Friday October 3rd
With some of our team out training our colleagues in the world of wildlife enquiries Claire and I decided that we would use our time to brush up on our wildlife skill set. Having taken delivery of a fresh batch of owl pellets we set about dissecting them on Friday...at lunch time.
First we selected a pellet that we felt would have a good haul of bones and hopefully an intact skull having never actually dissected owl pellets before we chose a rather large one and set it to soak in water with some alcohol disinfectant. The pellet was produced by a barn owl. They are quite large and characteristically black in appearance often with a varnish like gloss when fresh.

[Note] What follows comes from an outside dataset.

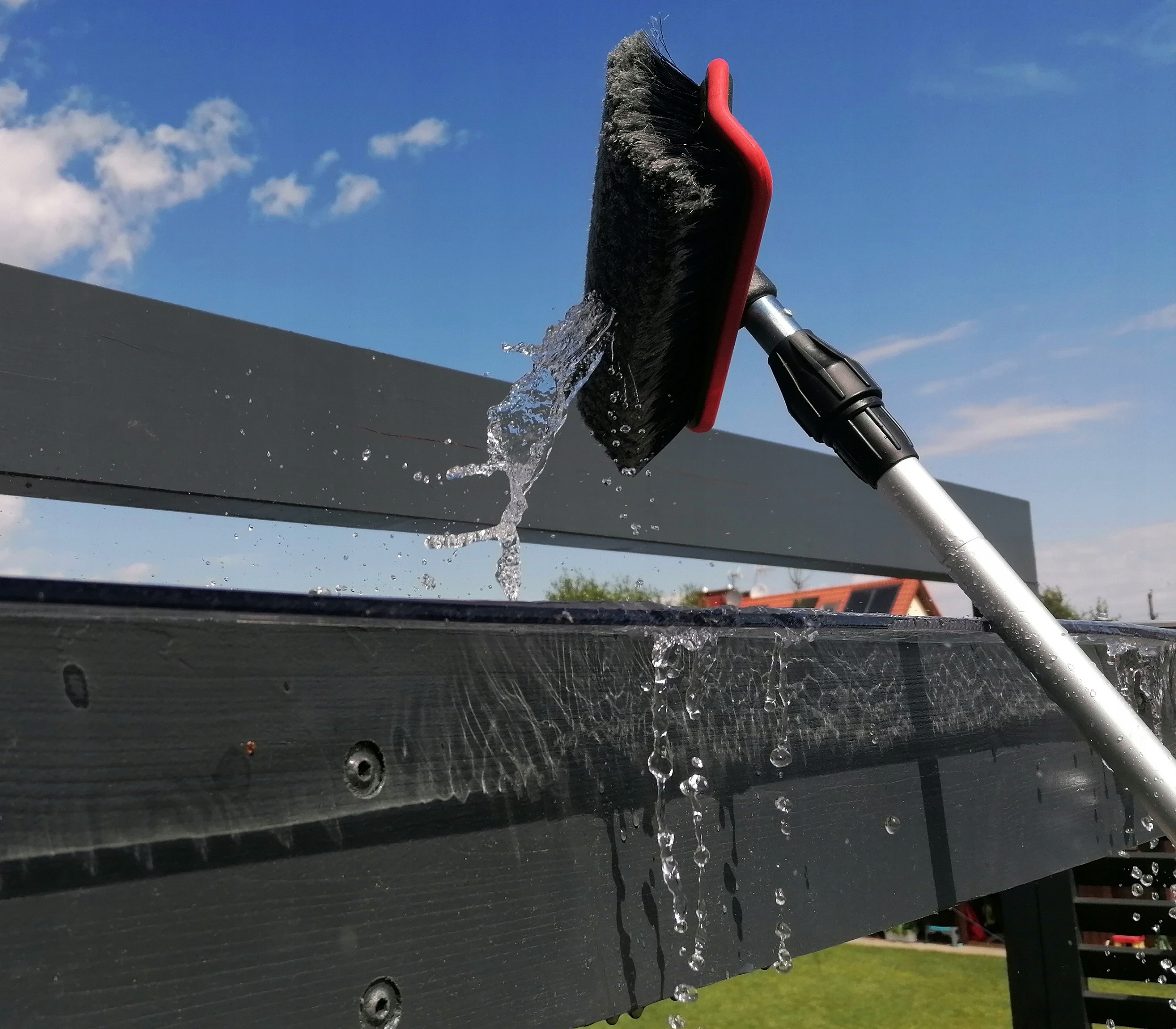 • Сплошная телескопическая щетка с алюминиевой насадкой ручка, регулируемая по длине до 400 см.

They are also the best material for pellet studies as many are produced at the same site and the bones they produce are remarkably intact.
Having bought in my dissection kit and put on gloves that Claire had provided we set about pulling the soaked pellet apart. It was easy enough and the fur parted like meat that had been cooking for hours. Although the large white grub of a clothes moth was enough to put us of eating for the rest of the day.
We removed 3 skulls from one pellet as well as scapulars, jaw bones, ear capsules, what felt like thousands of rib bones and vertebrae.
Each dish was a soup of fur and bones, the fur lead us to expect mammal remains and we were right as we pulled the remains of three (Blind, after being eaten and regurgitated) mice.
On the dark blue card we arranged the bones and examined them under the lamp placing them into position and identifying them with the key. Feeling like we were in Wildlife silent witness or CSI RSPB we thoroughly enjoyed our day brushing up on our wildlife skills and I would encourage anyone to have a go as well.
Well, it's true that Owl pellets offer an excellent opportunity for students at all grade levels to engage in hands-on, inquiry-based learning.